The recent financial crisis has highlighted the importance of the early detection and correction of macroeconomic vulnerabilities. This has led the European Commission to develop the Macroeconomic Imbalance Procedure (MIP). Under the MIP, the potential vulnerabilities of EU countries are assessed using standard indicators relating to internal and external macroeconomic imbalances. These indicators, however, assume cross-country data are comparable, despite economic and financial structures being very heterogeneous. This is not the case. This paper finds that for countries with substantial international investment, such as Ireland, five of the eleven indicators are materially distorted by financial and non-financial multinational activities.
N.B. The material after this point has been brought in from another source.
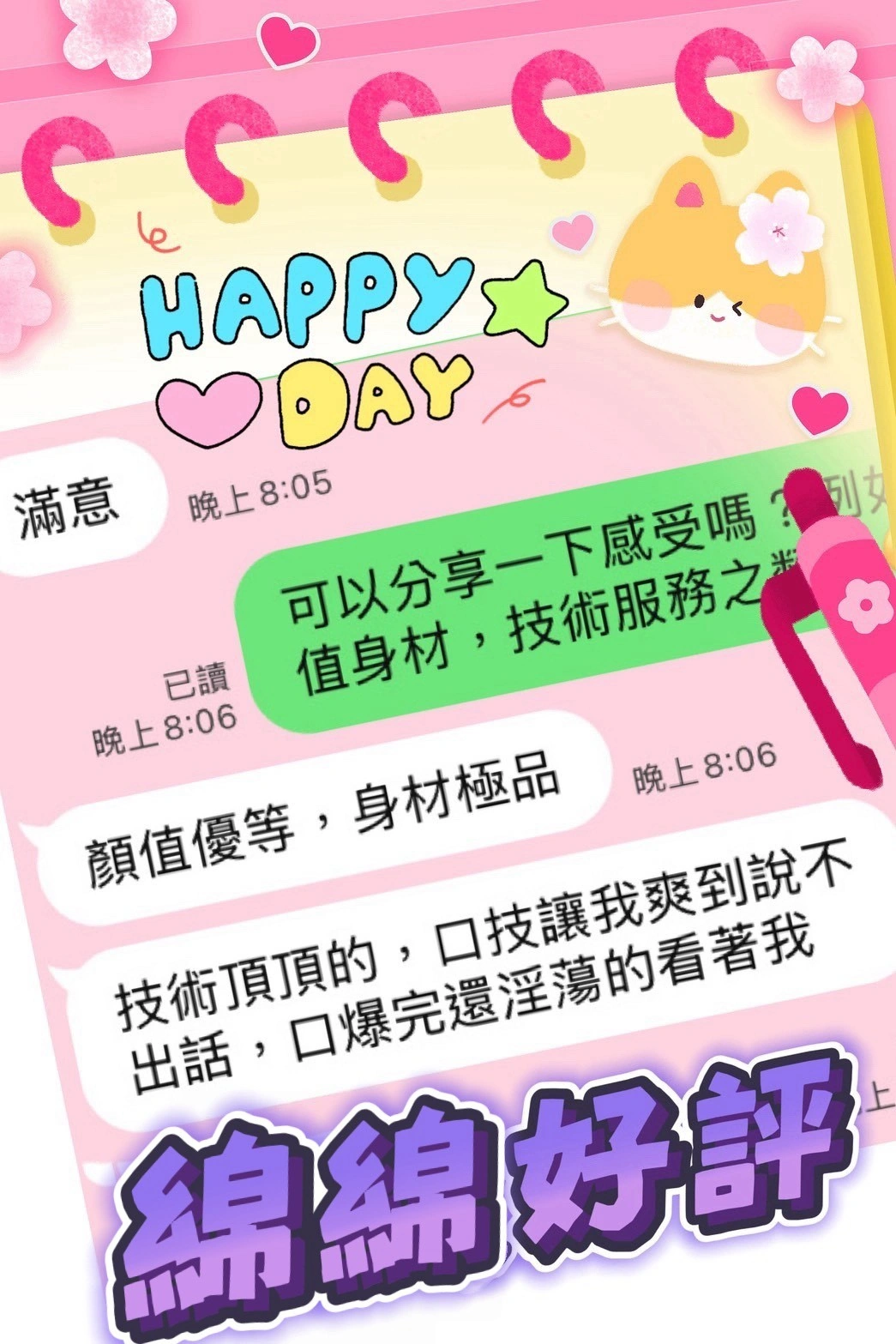 奶砲,按摩,69,共浴,殘廢澡,LG(舌吻)依氣氛衛生而定,可親嘴,無套吹,口爆,品鮑,舔蛋,輕功,變裝(自備免付),絲襪(自備免付),快餐,2S,包夜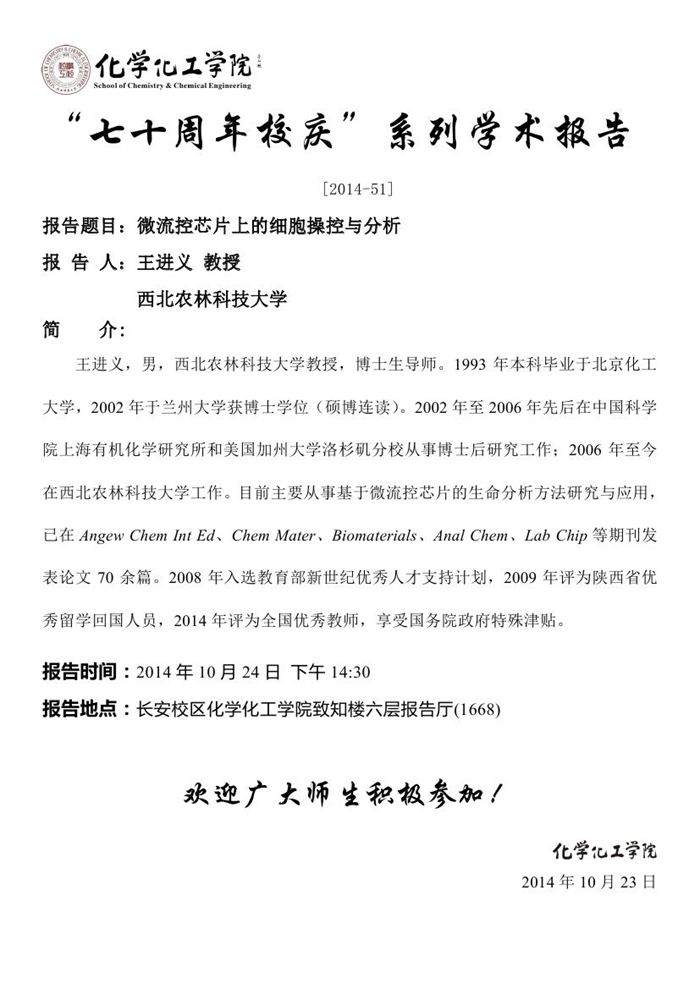 “七十周年校庆系列讲座” [2014-51]

This paper disaggregates these five affected indicators into multinational and indigenous Irish components, insofar as the existing data allows. It finds that for Ireland the MIP indicators underestimate some external imbalances, significantly overestimate private sector credit imbalances and underestimate the deleveraging of the financial sector. Adjusting the indicators to allow for country-specific factors can help diagnose the underlying imbalance, while reducing instances of the MIP highlighting false positives.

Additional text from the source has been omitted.